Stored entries
◇ ◇ ◇ ◇
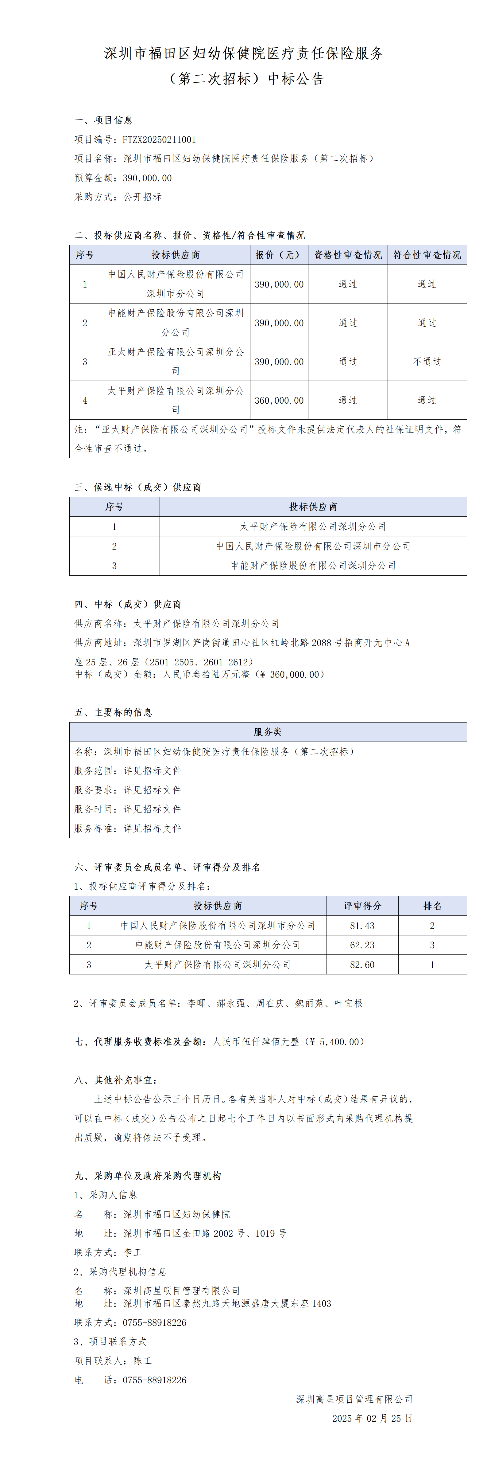 深圳市福田区妇幼保健院医疗责任保险服务(第二次招标)中标公告
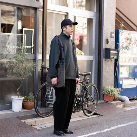 テーパードのきつい中太のシルエットですが、落ち感で中和され合わせやすいパンツです。
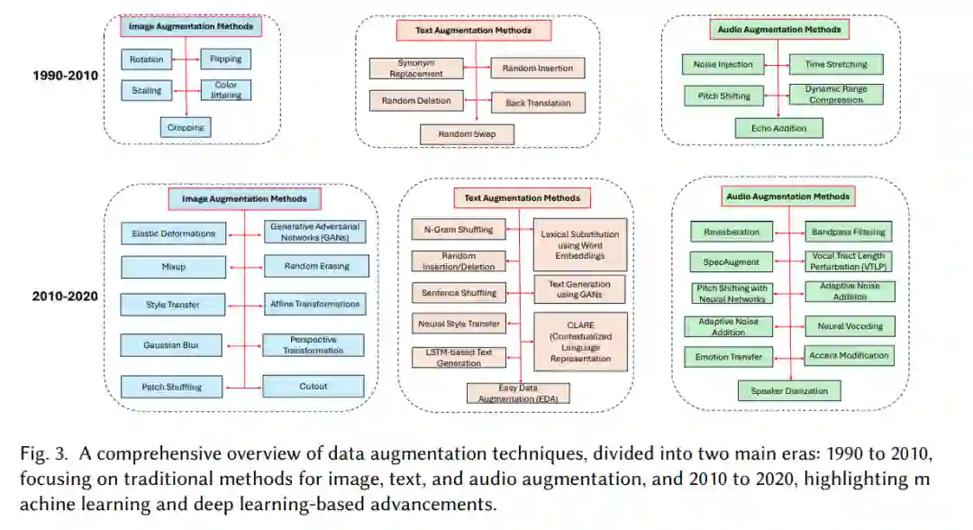 本文结构如下:第二部分概述了方法论;第三部分简要介绍了背景,将数据增强技术分为传统方法(1990–2010)和ML/DL方法(2010–2020);第四部分,结果与讨论,展示了图像、文本和语音模态的发现,分析了基于LLM的增强技术、其局限性以及潜在的解决方案;最后,第六部分,结论,总结了见解,讨论了未来的研究方向,并突出了LLM应用在数据增强中的演变。2. 数据增强的背景与演进2.1 传统数据增强方法(1990-2010)在1990年代至2010年期间,数据增强主要依赖于手动设计的变换函数。这些方法虽然简单且计算量小,但在增强数据集规模和多样性的同时,也带来了一些局限性。例如,图像旋转和翻转可能会导致重要信息的丢失,缩放操作可能导致像素化和分辨率下降,颜色抖动可能使图像显得不自然。2.1.1 图像数据增强传统的图像数据增强方法主要包括几何变换(如旋转、翻转、缩放)和颜色变换(如颜色抖动、直方图均衡化)。这些方法虽然能够有效增加数据集的多样性,但在处理复杂场景时往往表现不佳,尤其是在需要保留图像细节和语义信息的任务中。2.1.2 文本数据增强文本数据增强的早期方法包括同义词替换、随机删除、随机插入和回译等。这些方法虽然能够增加文本的多样性,但在处理复杂的语义和上下文时往往表现不佳,容易引入不恰当的词汇或破坏文本的语法结构。2.1.3 语音数据增强语音数据增强的早期方法主要包括噪声注入、音高变换和时间拉伸等。这些方法虽然能够模拟不同的声学环境,但在处理复杂的语音信号时往往表现不佳,容易引入失真或过度拟合特定的噪声类型。2.2 机器学习和深度学习驱动的数据增强(2010-2020)随着机器学习和深度学习技术的快速发展,数据增强方法也变得更加自动化和智能化。特别是生成对抗网络(GANs)和变分自编码器(VAEs)等生成模型的引入,使得数据增强能够生成更加逼真和多样化的数据。2.2.1 图像数据增强在2010年至2020年期间,基于深度学习的图像数据增强方法得到了广泛应用。例如,MixUp技术通过混合图像和标签来防止过拟合,风格迁移和GANs能够生成风格各异的合成图像,从而丰富训练数据集。这些方法在医学影像、自动驾驶和农业等领域取得了显著成果。2.2.2 文本数据增强基于深度学习的文本数据增强方法包括n-gram重排、词嵌入替换和神经风格迁移等。这些方法能够生成更加多样化和语义一致的文本数据,从而提升自然语言处理模型的性能。2.2.3 语音数据增强深度学习技术的引入使得语音数据增强方法变得更加复杂和多样化。例如,噪声注入和时间拉伸等方法能够模拟不同的声学环境,从而提升语音识别系统的鲁棒性。2.3 多模态大语言模型驱动的数据增强(2020年至今)随着多模态大语言模型(如GPT-4、DALL-E等)的出现,数据增强技术迎来了新的变革。这些模型不仅能够处理单一模态的数据,还能够跨模态生成更加复杂和多样化的数据。例如,DALL-E能够根据文本描述生成逼真的图像,GPT-4能够生成高质量的文本数据。3. 基于多模态大语言模型的图像数据增强3.1 技术流程基于多模态大语言模型的图像数据增强通常包括以下几个步骤:图像编码:将原始图像转换为可计算的格式,通常使用视觉编码器将图像信息提取为特征向量。提示生成:大语言模型根据编码后的图像生成文本描述,这些描述将作为后续增强步骤的指导。增强指令生成:根据文本描述生成详细的变换指令,如图像旋转、缩放、裁剪等。自然语言到代码转换:将生成的指令转换为可执行的代码。代码执行:将生成的代码应用于原始图像,实现所需的增强操作。质量评估:评估增强后的图像质量,确保其符合高质量标准。元数据生成:记录增强操作的详细信息,便于后续分析和复现。数据集集成:将增强后的图像和元数据集成到训练数据集中,提升模型的鲁棒性和泛化能力。3.2 方法与技术基于多模态大语言模型的图像数据增强方法多种多样,主要包括以下几种:图像到文本合成:通过大语言模型生成图像的文本描述,从而增强图像的语义信息。例如,DF-GAN模型通过简化生成过程,提高了文本与图像语义的一致性。语义内容迁移:将语义相关的对象插入到现有图像中,从而增强模型的泛化能力。例如,SemAug方法通过动态插入语义相关的对象,显著提升了对象检测模型的性能。图像描述生成:通过大语言模型生成详细的图像描述,从而增强图像与文本的对齐。例如,FuseCap方法通过结合机器视觉和大语言模型的输出,生成了更加丰富的图像描述。条件图像生成:根据复杂的文本和图像输入生成图像。例如,UNIMO-G模型通过多模态条件扩散框架,生成了更加详细的图像。上下文对象插入:在图像中插入上下文相关的对象,从而增强模型的检测能力。例如,SemAug方法通过计算和插入新的对象,显著提升了模型的mAP(平均精度)。交互式编辑:结合用户输入和大语言模型,对图像进行交互式编辑。例如,Visual Editing GPT 3.5模型通过蒸馏方法,显著提升了实时视觉编辑任务的性能。场景补全:通过大语言模型和扩散模型生成高质量的训练图像,从而增强语义分割模型的性能。例如,Image Augmentation Agent(IAA)模型通过生成多样化的训练图像,显著提升了语义分割的准确性。自动裁剪:通过大语言模型智能裁剪图像,突出图像的关键部分。例如,DIAGen模型通过高斯噪声和类别特定的文本提示,优化了图像的焦点。属性生成:
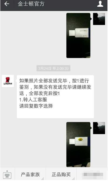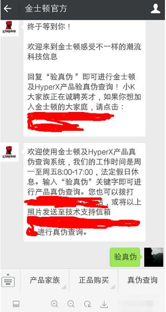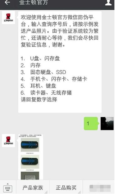 4、關(guān)注成功,會(huì)接收到金士頓官方消息,根據(jù)提示,輸入“驗(yàn)真?zhèn)巍?
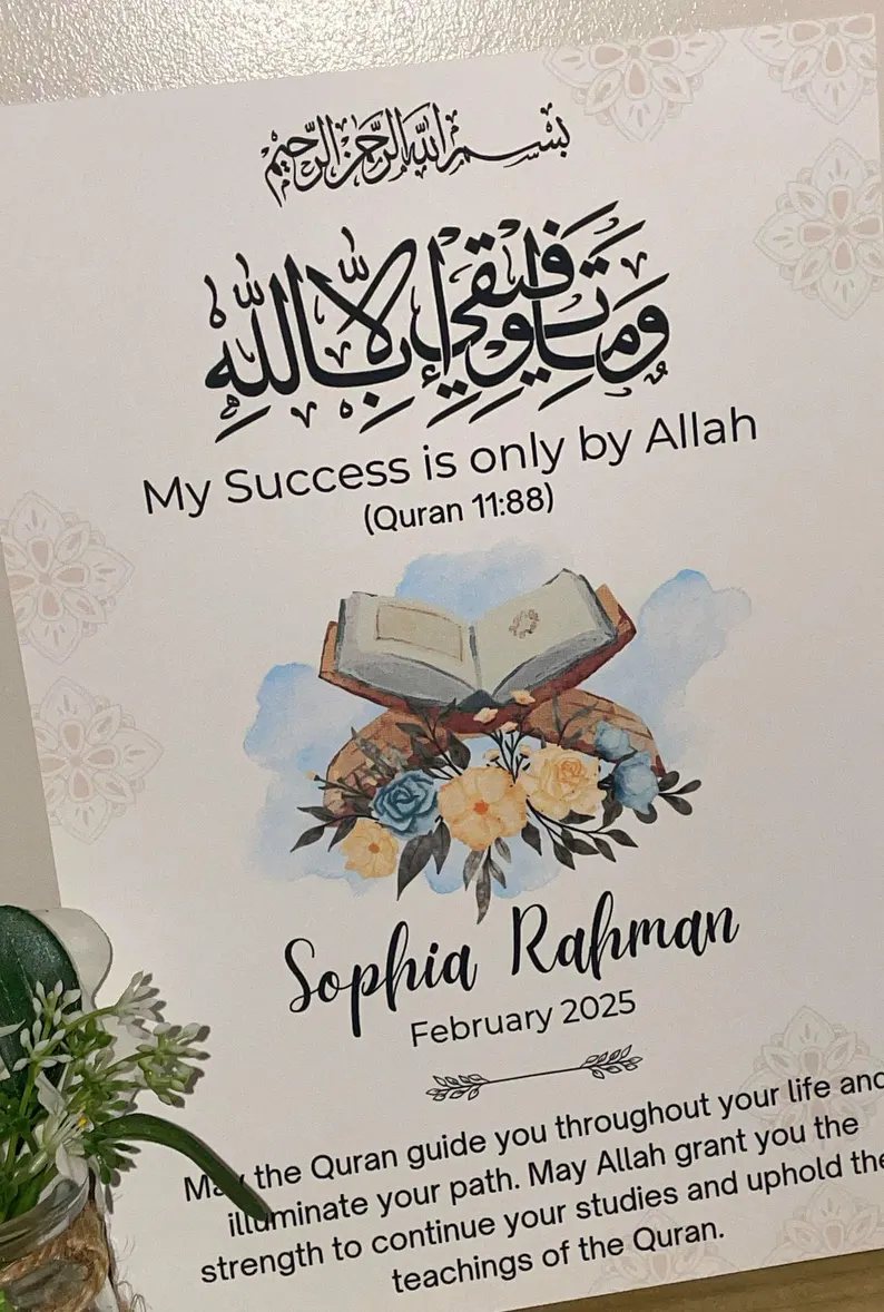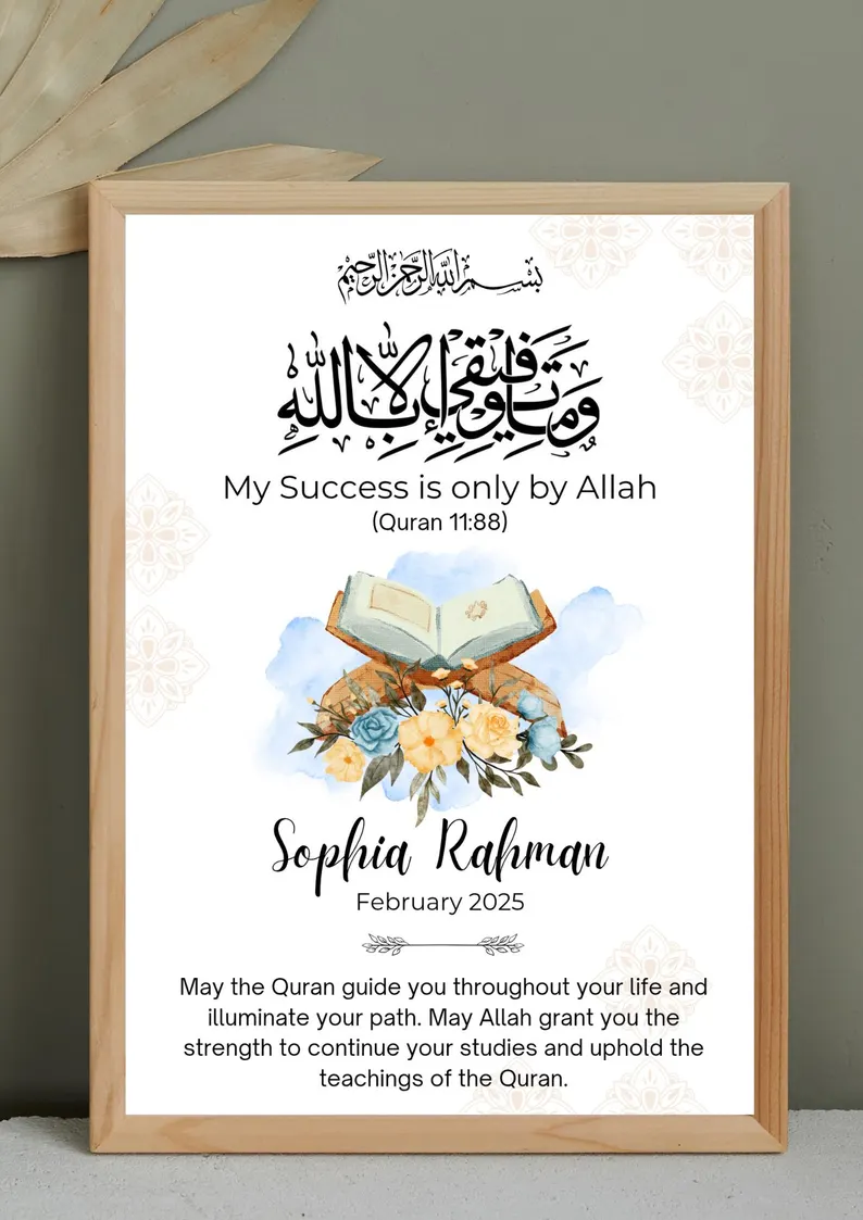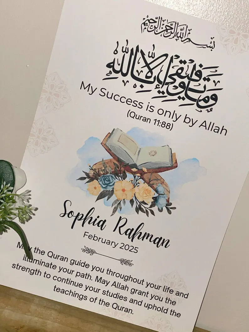 Celebrate your special occasion with a beautifully customised Quran Completion print, a perfect gift to cherish. This personalised print makes a unique, sentimental addition to any home.
◇ ◇ ◇ ◇
__TASK DIRECTIONS__: Reproduce nothing but the lines that run from the line containing "4、關(guān)注成功,會" through the last line of the records, inclusive. Omit the pictures.

__TASK RESPONSE__:
 4、關(guān)注成功,會(huì)接收到金士頓官方消息,根據(jù)提示,輸入“驗(yàn)真?zhèn)巍?
 Celebrate your special occasion with a beautifully customised Quran Completion print, a perfect gift to cherish. This personalised print makes a unique, sentimental addition to any home.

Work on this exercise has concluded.